AI-powered IT Operations Management (ITOM) platform that applies machine learning, predictive analytics, and automation to IT infrastructure monitoring and incident management. Automatically analyzes events, logs, metrics, and telemetry data to detect anomalies, predict service disruptions, identify root causes, and trigger automated remediation. Provides intelligent event correlation to reduce alert noise, adaptive thresholds for dynamic environments, and self-healing capabilities. Input: IT infrastructure events, logs, metrics, performance data from monitoring tools. Output: anomaly detection alerts, predictive insights, root cause analysis, automated remediation workflows, incident tickets, and performance dashboards.

AI / analytics pattern

Classical/Predictive Machine Learning: Models trained on data to make predictions or classifications based on identified patterns or relationships.

Automation level / stage

a) Pre-deployment – The use case is in a development or acquisition status.

Expected benefit

Reduces alert noise by up to 90% through intelligent event correlation and anomaly detection.
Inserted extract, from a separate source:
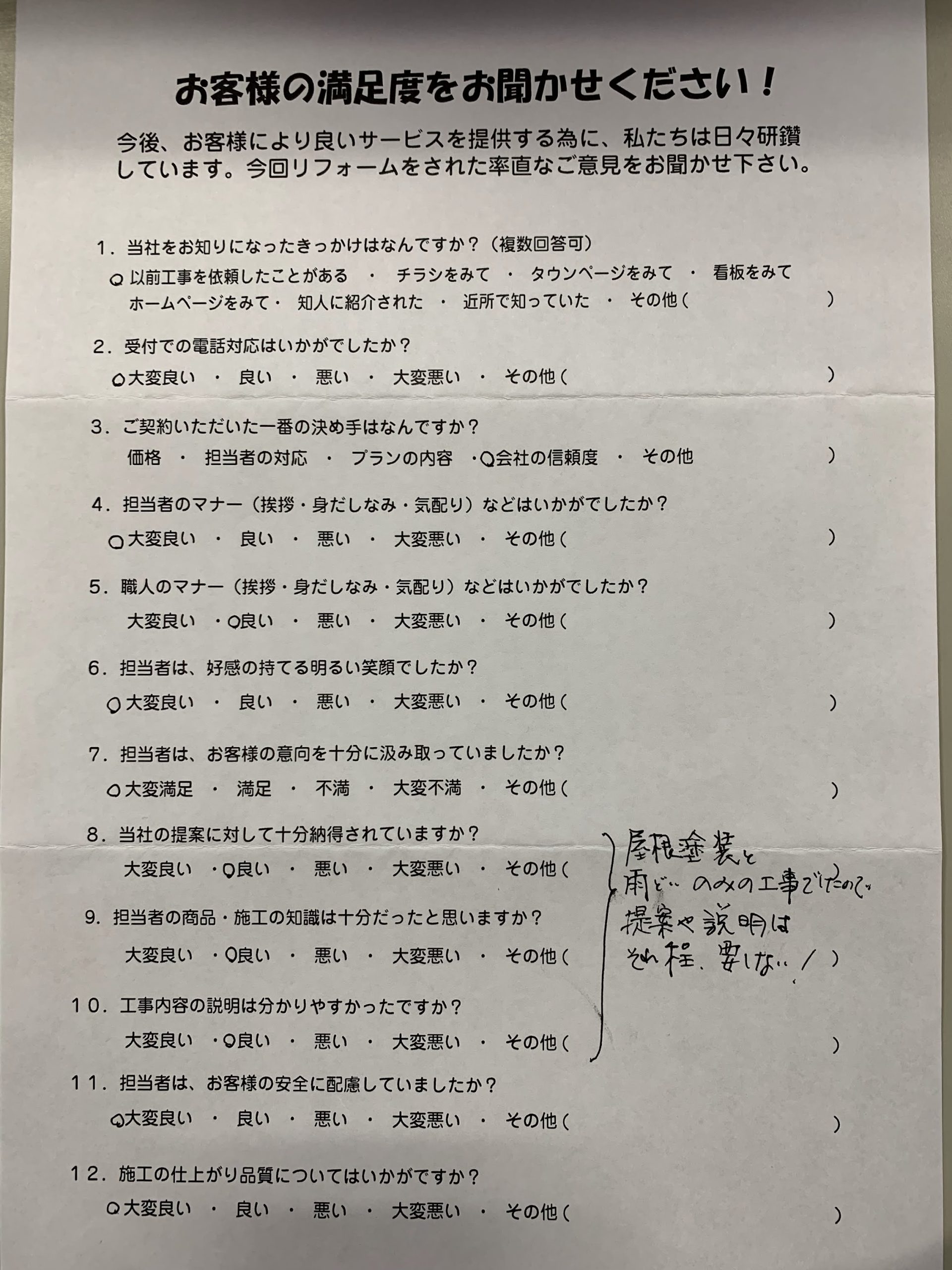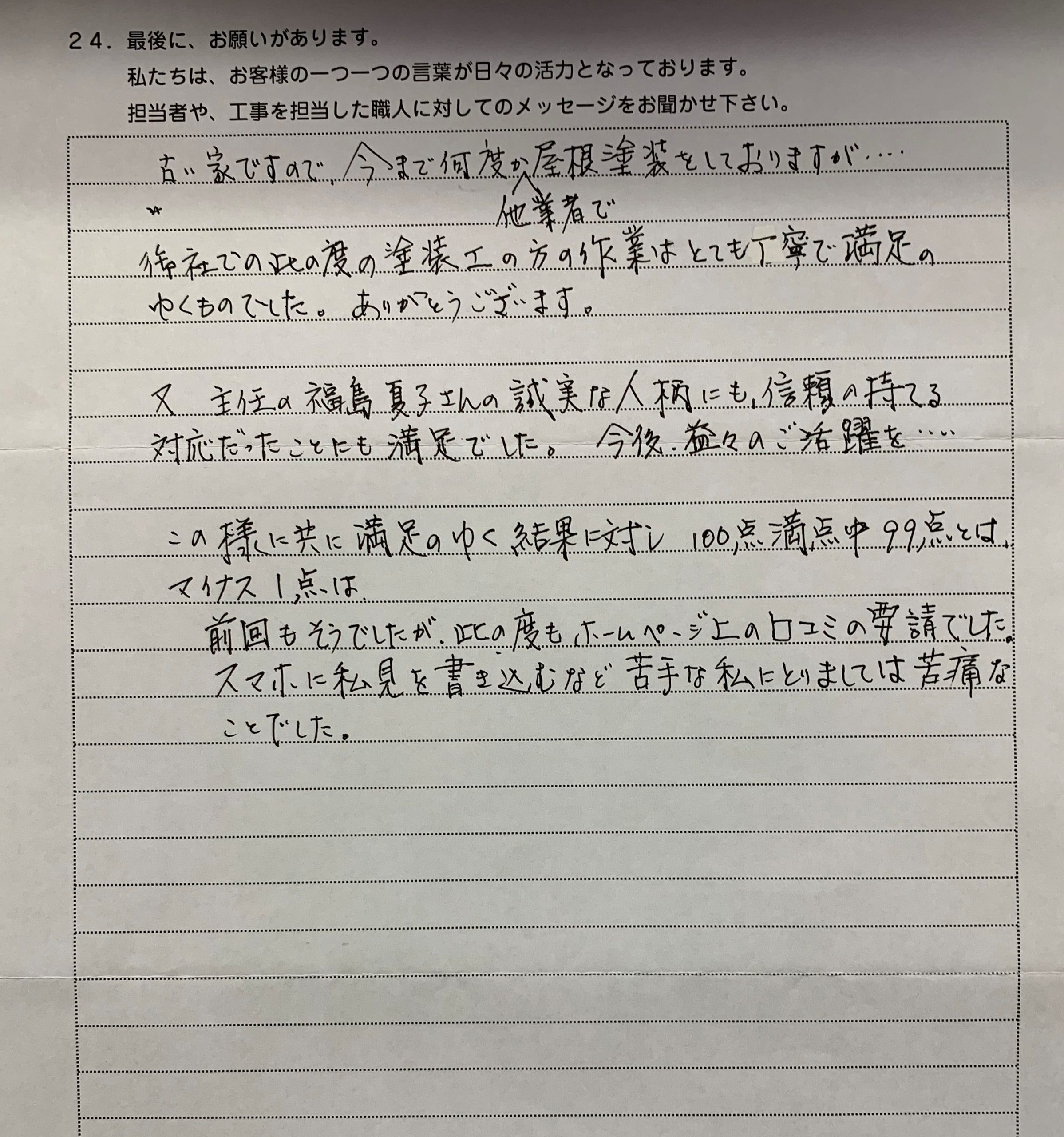 御社での此の度の塗装工の方の作業はとても丁寧で満足のゆくものでした。ありがとうございます。

Decreases Mean Time to Resolution (MTTR) by 30-50% via automated root cause analysis and remediation workflows. Enables proactive incident prevention through predictive analytics that identify potential issues before they cause outages. Provides self-healing capabilities with automated remediation reducing manual intervention. Improves service availability and operational efficiency. Shifts IT operations from reactive firefighting to proactive problem prevention. Centralizes insights and actions on single platform, breaking down data silos.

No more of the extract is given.